Segment Start: Extracted records
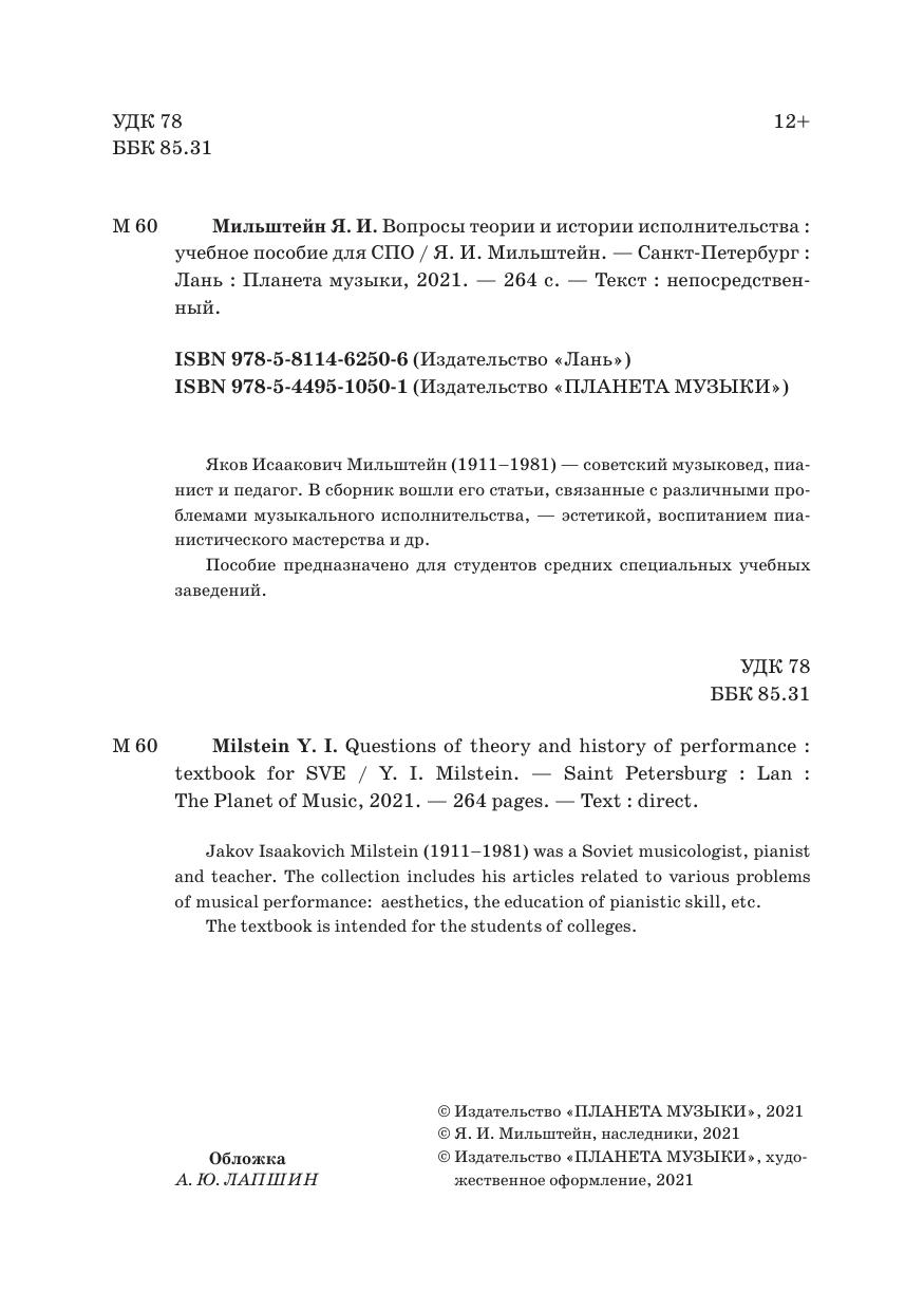 Яков Исаакович Мильштейн (1911–1981) — советский музыковед, пианист и педагог. В сборник вошли его статьи, связанные с различными проблемами музыкального исполнительства, — эстетикой, воспитанием пианистического мастерства и др.
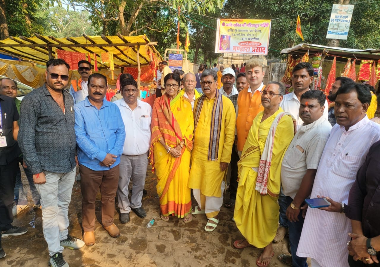 बिलासपुर/नवरात्रि के पावन अवसर पर प्रदेश के वरिष्टम नेता वर्तमान में नेता प्रतिपक्ष डॉ चरण दास महंत ,कोरबा लोकसभा की सांसद श्रीमती ज्योत्सना चरणदास महंत उनके सुपुत्र श्री सूरज महंत सपरिवार रतनपुर महामाया दर्शन हेतु पहुंचे, इस अवसर पर बिलासपुर जिले के लोकप्रिय वरिष्ठ कांग्रेस नेता श्री त्रिलोक चंद्र श्रीवास, राष्ट्रीय समन्वयक -अखिल भारतीय कांग्रेस कमेटी, पि.व. प्रभारी -उत्तर प्रदेश तथा गुजरात अपने सैकड़ो सहयोगियों सहित उपस्थित होकर महंत परिवार का आत्मीय अभिनंदन किया ,महामाया दर्शन पश्चात महंत दंपति चैतुरगढ़ पाली माता रानी के दर्शन हेतु गए इस अवसर पर भी त्रिलोक श्रीवास अपने दर्जनों सहयोगी सहित उपस्थित रहे, एवं प्रदेश के खुशहाली हेतु कामना किया, इस अवसर पर श्री त्रिलोक चंद्र श्रीवास के साथ श्री मनोज श्रीवास्, श्री मोहन जायसवाल श्री जितेंद्र शर्मा जीतू श्री चरण सिंह राज कौशल श्रीवास्तव मयंक वर्मा पार्थ कुमार ओम प्रकाश शर्मा मंगल वाजपेई राहुल गोरख कृष्ण श्रीवास रमेश शिकारी शुभम श्रीवास अनिल कश्यप राजेंद्र श्रीवास गोविंद यादव मनोज यादव दादू शिकारी दादू लश्कर हृदेश कश्यप सोनू साहू प्रशांत पटेल सोनू कश्यप विजेंद्र साहू आयुष सिंह राज प्रकाश कमल सेन मोहसिन खान मणि वर्मा कामता वर्मा मनोज साहू राम लखन जायसवाल सूरज कश्यप सचिन साहू हरीश वर्मा चंद्रप्रकाश केसरवानी छोटे वर्मा सुरेंद्र सिंह सैनी मुकेश अग्रवाल मुकेश बंजारे नवीन दुबे मनीष भट्ट भानु शर्मा आदि जन उपस्थित थेll
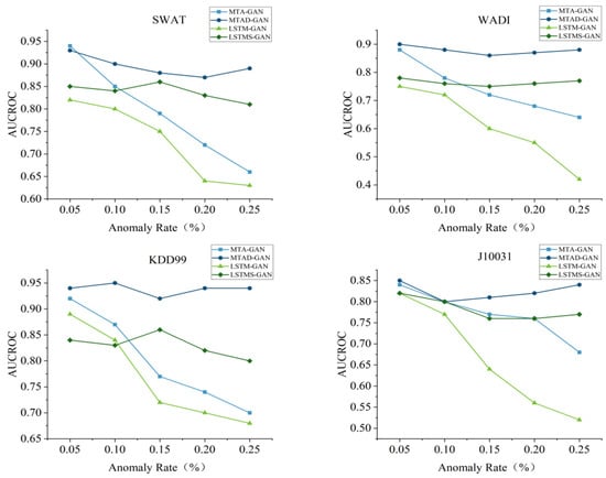 To verify the effectiveness of the loss function used in this paper, the scoring loss network is removed from MTAD-GAN and marked as MTA-GAN, and the scoring loss (i.e., LSTMS-GAN) is introduced into LSTM-GAN for retraining. The abnormal samples are randomly deleted from KDD99, SWAT, WADI and J10031 datasets, and the abnormal rates are adjusted to 5%, 10%, 15%, 20% and 25% respectively. The test results are shown in Figure 9. It can be seen that the performances of LSTMS-GAN and MTAD-GAN are relatively stable when all loss functions are used; on the other hand, the AUCROC performance of MTA-GAN and LSTM-GAN has decreased to varying degrees on the four datasets with an average performance decrease of 15∼87.5%.
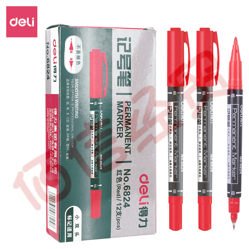 得力(deli) 雙頭勾線記號筆 油性馬克筆勾線筆簽字筆辦公記號筆 12支裝 6824紅色 自營
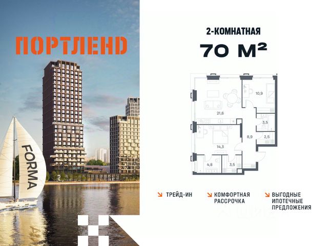 Скидка до 8% действует до 31.03.2026 г. при 100% оплате и не субсидированной ипотеке. Продается 2-комнатная квартира от застройщика: общая площадь 69.80 м², жилая 25.00 м², кухня 24.60 м², 11-й этаж, жилой квартал "Гордость", корпус 36 (секция 5). Срок сдачи: 2 квартал 2029 года. Позвоните сейчас и забронируйте квартиру! Квартал бизнес-класса СИМВОЛ - это городское пространство нового поколения в историческом районе Лефортово, на границе ЦАО, в 2 км от Садового кольца. Бионическая архитектура СИМВОЛА превратила Лефортово в суперсовременное и модное пространство. Из окон, с балконов и террас просторных квартир СИМВОЛА открываются отличные виды на город и новый парк "Зеленая река", "протекающий" через все кварталы комплекса на 2 км. В квартале уже есть все, что нужно для комфортной жизни: кафе и рестораны, супермаркеты и магазины, медицинские и физкультурно-оздоровительные центры, салоны красоты и барбершопы, аптеки и оптики, химчистки, пункты доставки и другие сервисы - всего более 90 действующих объектов внутриквартальной инфраструктуры. Для юных жителей СИМВОЛА открыты детский сад и инженерный лицей при МГТУ им. Баумана. Особенности квартала: • Свой парк "Зеленая Река" - 10 га зелени и развлечений на любой вкус! • Уникальная для Москвы архитектура - Проект создан архитектурной мастерской ATRIUM по дизайн-коду британских бюро LDA Design и UHA London. • Богатая инфраструктура с детскими садами и лицеем им. Баумана, кафе и ресторанами, супермаркетами и аптеками, зоной для фитнеса, бассейном и мед. центром. • Квартиры с панорамными окнами, террасами, ванными с окнами и каминами редких форматов. • Закрытые безопасные зелёные дворы-парки без машин!
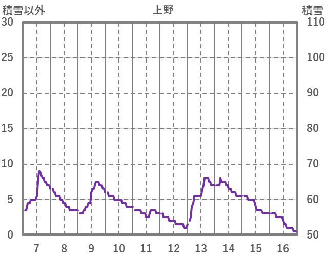 | 日 | 時 | 気温 | 降水 | 風向/風速 | 日照 | 積雪 | 降雪 |
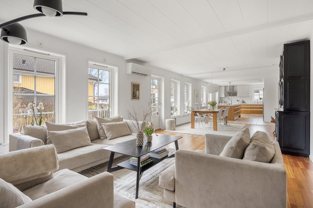 I synnerhet vardagsrummet har ett sagolikt ljusinsläpp och alla rum har ordentlig storlek – även utrymmen som hall och tvättstuga. Interiören är stilren och väl underhållen. Kök och vardagsrum har varsin utgång till den vidsträckta verandan, och tvättstugan har groventré till gavelsidans veranda.
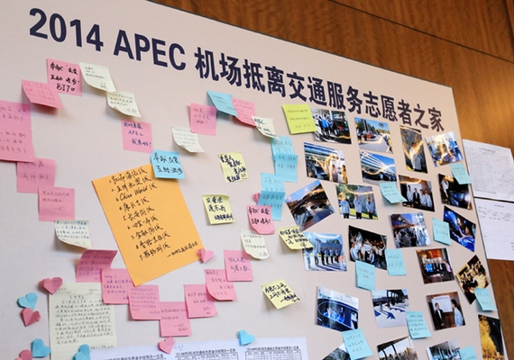 北航志愿者负责机场交通信息咨询、摆渡随车等服务工作,值守在国门第一关。他们是此次会议周服务时长最长、范围最广的志愿者,每天都满怀激情地投入到迎来送往的工作中。他们每天随车行驶在九条规划线路上,从初期将外宾送抵沿线各大酒店,到后期重心逐渐转移到送机工作,整只队伍负责了24小时全天候的机场接送任务。“连日来,这九条线路图以及其经过的29家酒店已经印在了我们每位交通组志愿者的脑海里成为难以磨灭的‘独家记忆’。我们写下我们对APEC的承诺与信念,花花绿绿的贴纸伴着遒劲的字体成为我们五彩的青春宣言。”志愿者孟峻宇如是说。
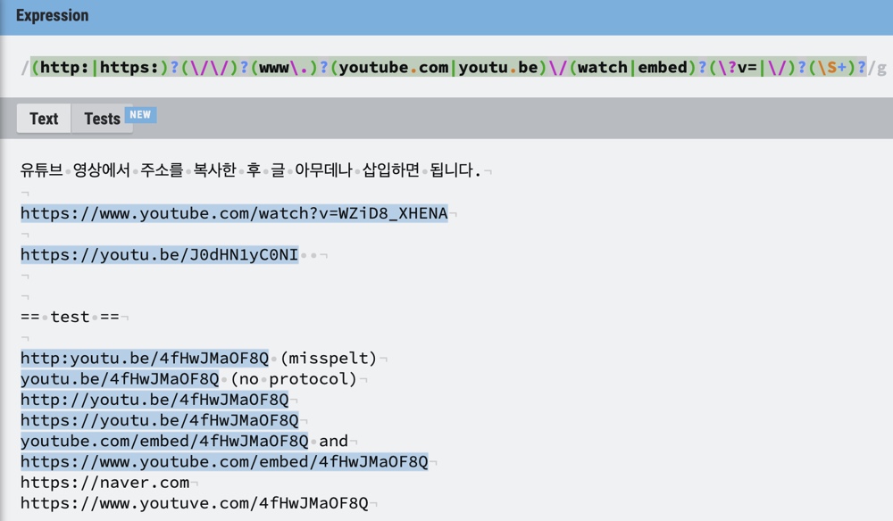 3. 텍스트를 대체하는 함수를 만듭니다. (youtubeParser)
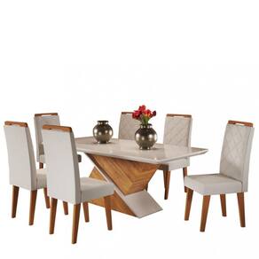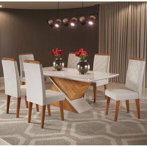 Características: Estrutura da mesa em MDP Tampo retangular em MDF 40mm e vidro 4mm Tampo suporta até 50kg distribuídos 6 Cadeiras em madeira de Eucalipto Encosto em MDF e espuma D12 Assento em MDF e espuma D20 Cada cadeira suporta até 90kg Revestimento das cadeiras em tecido Veludo Acabamento em pintura UV, semi-brilho
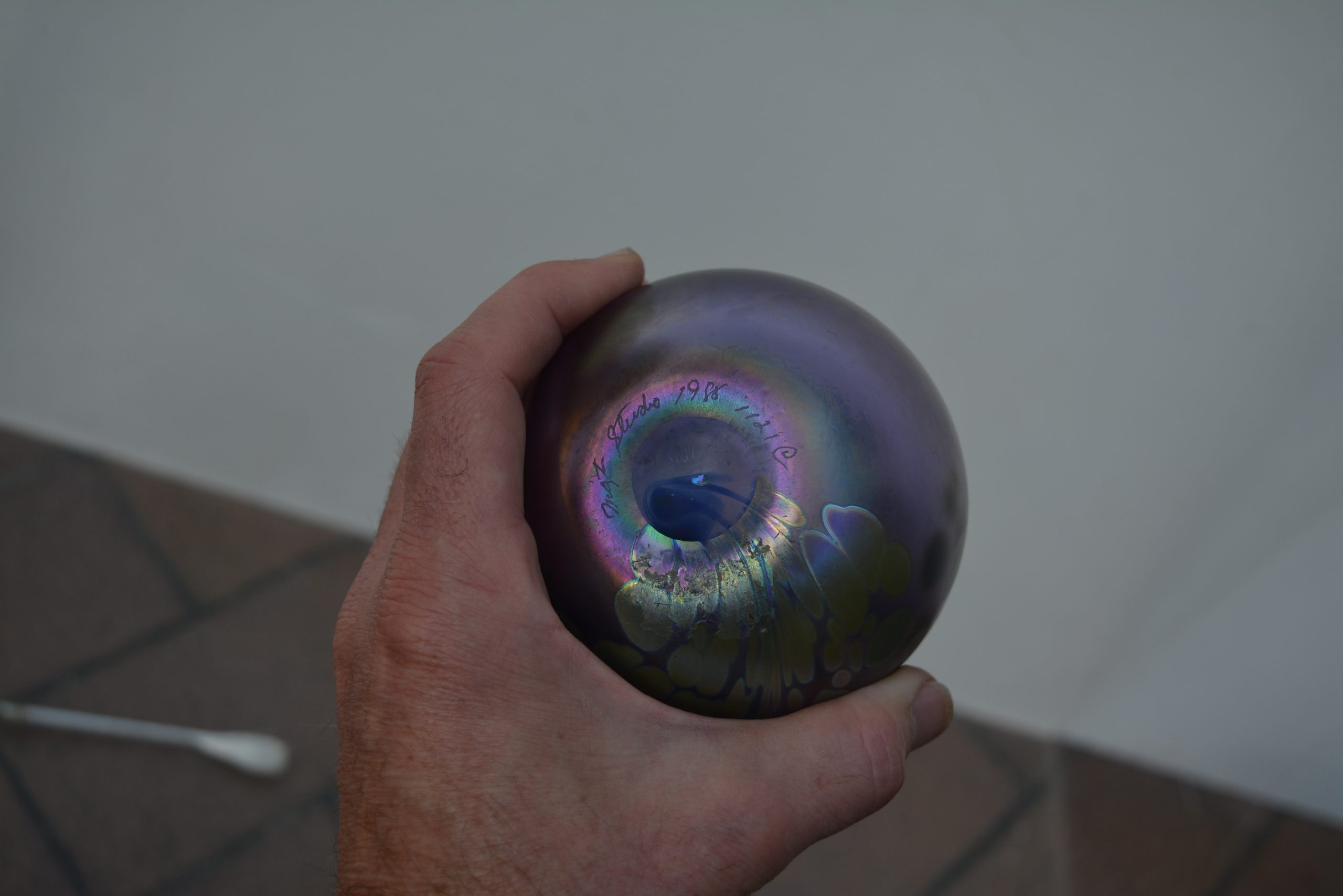 If this piece had been by Colin Heaney I’d be asking about double for it (because it’s quite large for an iridescent piece). Brian’s pieces are also hand-made and offer something outside of what has been done in Australian glass.
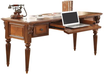 The Huntington writing desk adds a stunning focal point to your room and creates a functional workspace. A signature piece in the Huntington collection, it makes working from home stylish and enjoyable. This desk includes a power center to keep cords out of sight, storage drawers, and a drop-down drawer perfect for a keyboard. An antique vintage pecan finish highlights its carved detailing.Read More
Segment End: Extracted records
--- Your objective ---
The answer must be an exact copy of the records, with no images in it.

--- Answer to the exercise ---
 Яков Исаакович Мильштейн (1911–1981) — советский музыковед, пианист и педагог. В сборник вошли его статьи, связанные с различными проблемами музыкального исполнительства, — эстетикой, воспитанием пианистического мастерства и др.
 बिलासपुर/नवरात्रि के पावन अवसर पर प्रदेश के वरिष्टम नेता वर्तमान में नेता प्रतिपक्ष डॉ चरण दास महंत ,कोरबा लोकसभा की सांसद श्रीमती ज्योत्सना चरणदास महंत उनके सुपुत्र श्री सूरज महंत सपरिवार रतनपुर महामाया दर्शन हेतु पहुंचे, इस अवसर पर बिलासपुर जिले के लोकप्रिय वरिष्ठ कांग्रेस नेता श्री त्रिलोक चंद्र श्रीवास, राष्ट्रीय समन्वयक -अखिल भारतीय कांग्रेस कमेटी, पि.व. प्रभारी -उत्तर प्रदेश तथा गुजरात अपने सैकड़ो सहयोगियों सहित उपस्थित होकर महंत परिवार का आत्मीय अभिनंदन किया ,महामाया दर्शन पश्चात महंत दंपति चैतुरगढ़ पाली माता रानी के दर्शन हेतु गए इस अवसर पर भी त्रिलोक श्रीवास अपने दर्जनों सहयोगी सहित उपस्थित रहे, एवं प्रदेश के खुशहाली हेतु कामना किया, इस अवसर पर श्री त्रिलोक चंद्र श्रीवास के साथ श्री मनोज श्रीवास्, श्री मोहन जायसवाल श्री जितेंद्र शर्मा जीतू श्री चरण सिंह राज कौशल श्रीवास्तव मयंक वर्मा पार्थ कुमार ओम प्रकाश शर्मा मंगल वाजपेई राहुल गोरख कृष्ण श्रीवास रमेश शिकारी शुभम श्रीवास अनिल कश्यप राजेंद्र श्रीवास गोविंद यादव मनोज यादव दादू शिकारी दादू लश्कर हृदेश कश्यप सोनू साहू प्रशांत पटेल सोनू कश्यप विजेंद्र साहू आयुष सिंह राज प्रकाश कमल सेन मोहसिन खान मणि वर्मा कामता वर्मा मनोज साहू राम लखन जायसवाल सूरज कश्यप सचिन साहू हरीश वर्मा चंद्रप्रकाश केसरवानी छोटे वर्मा सुरेंद्र सिंह सैनी मुकेश अग्रवाल मुकेश बंजारे नवीन दुबे मनीष भट्ट भानु शर्मा आदि जन उपस्थित थेll
 To verify the effectiveness of the loss function used in this paper, the scoring loss network is removed from MTAD-GAN and marked as MTA-GAN, and the scoring loss (i.e., LSTMS-GAN) is introduced into LSTM-GAN for retraining. The abnormal samples are randomly deleted from KDD99, SWAT, WADI and J10031 datasets, and the abnormal rates are adjusted to 5%, 10%, 15%, 20% and 25% respectively. The test results are shown in Figure 9. It can be seen that the performances of LSTMS-GAN and MTAD-GAN are relatively stable when all loss functions are used; on the other hand, the AUCROC performance of MTA-GAN and LSTM-GAN has decreased to varying degrees on the four datasets with an average performance decrease of 15∼87.5%.
 得力(deli) 雙頭勾線記號筆 油性馬克筆勾線筆簽字筆辦公記號筆 12支裝 6824紅色 自營
 Скидка до 8% действует до 31.03.2026 г. при 100% оплате и не субсидированной ипотеке. Продается 2-комнатная квартира от застройщика: общая площадь 69.80 м², жилая 25.00 м², кухня 24.60 м², 11-й этаж, жилой квартал "Гордость", корпус 36 (секция 5). Срок сдачи: 2 квартал 2029 года. Позвоните сейчас и забронируйте квартиру! Квартал бизнес-класса СИМВОЛ - это городское пространство нового поколения в историческом районе Лефортово, на границе ЦАО, в 2 км от Садового кольца. Бионическая архитектура СИМВОЛА превратила Лефортово в суперсовременное и модное пространство. Из окон, с балконов и террас просторных квартир СИМВОЛА открываются отличные виды на город и новый парк "Зеленая река", "протекающий" через все кварталы комплекса на 2 км. В квартале уже есть все, что нужно для комфортной жизни: кафе и рестораны, супермаркеты и магазины, медицинские и физкультурно-оздоровительные центры, салоны красоты и барбершопы, аптеки и оптики, химчистки, пункты доставки и другие сервисы - всего более 90 действующих объектов внутриквартальной инфраструктуры. Для юных жителей СИМВОЛА открыты детский сад и инженерный лицей при МГТУ им. Баумана. Особенности квартала: • Свой парк "Зеленая Река" - 10 га зелени и развлечений на любой вкус! • Уникальная для Москвы архитектура - Проект создан архитектурной мастерской ATRIUM по дизайн-коду британских бюро LDA Design и UHA London. • Богатая инфраструктура с детскими садами и лицеем им. Баумана, кафе и ресторанами, супермаркетами и аптеками, зоной для фитнеса, бассейном и мед. центром. • Квартиры с панорамными окнами, террасами, ванными с окнами и каминами редких форматов. • Закрытые безопасные зелёные дворы-парки без машин!
 | 日 | 時 | 気温 | 降水 | 風向/風速 | 日照 | 積雪 | 降雪 |
 I synnerhet vardagsrummet har ett sagolikt ljusinsläpp och alla rum har ordentlig storlek – även utrymmen som hall och tvättstuga. Interiören är stilren och väl underhållen. Kök och vardagsrum har varsin utgång till den vidsträckta verandan, och tvättstugan har groventré till gavelsidans veranda.
 北航志愿者负责机场交通信息咨询、摆渡随车等服务工作,值守在国门第一关。他们是此次会议周服务时长最长、范围最广的志愿者,每天都满怀激情地投入到迎来送往的工作中。他们每天随车行驶在九条规划线路上,从初期将外宾送抵沿线各大酒店,到后期重心逐渐转移到送机工作,整只队伍负责了24小时全天候的机场接送任务。“连日来,这九条线路图以及其经过的29家酒店已经印在了我们每位交通组志愿者的脑海里成为难以磨灭的‘独家记忆’。我们写下我们对APEC的承诺与信念,花花绿绿的贴纸伴着遒劲的字体成为我们五彩的青春宣言。”志愿者孟峻宇如是说。
 3. 텍스트를 대체하는 함수를 만듭니다. (youtubeParser)
 Características: Estrutura da mesa em MDP Tampo retangular em MDF 40mm e vidro 4mm Tampo suporta até 50kg distribuídos 6 Cadeiras em madeira de Eucalipto Encosto em MDF e espuma D12 Assento em MDF e espuma D20 Cada cadeira suporta até 90kg Revestimento das cadeiras em tecido Veludo Acabamento em pintura UV, semi-brilho
 If this piece had been by Colin Heaney I’d be asking about double for it (because it’s quite large for an iridescent piece). Brian’s pieces are also hand-made and offer something outside of what has been done in Australian glass.
 The Huntington writing desk adds a stunning focal point to your room and creates a functional workspace. A signature piece in the Huntington collection, it makes working from home stylish and enjoyable. This desk includes a power center to keep cords out of sight, storage drawers, and a drop-down drawer perfect for a keyboard. An antique vintage pecan finish highlights its carved detailing.Read More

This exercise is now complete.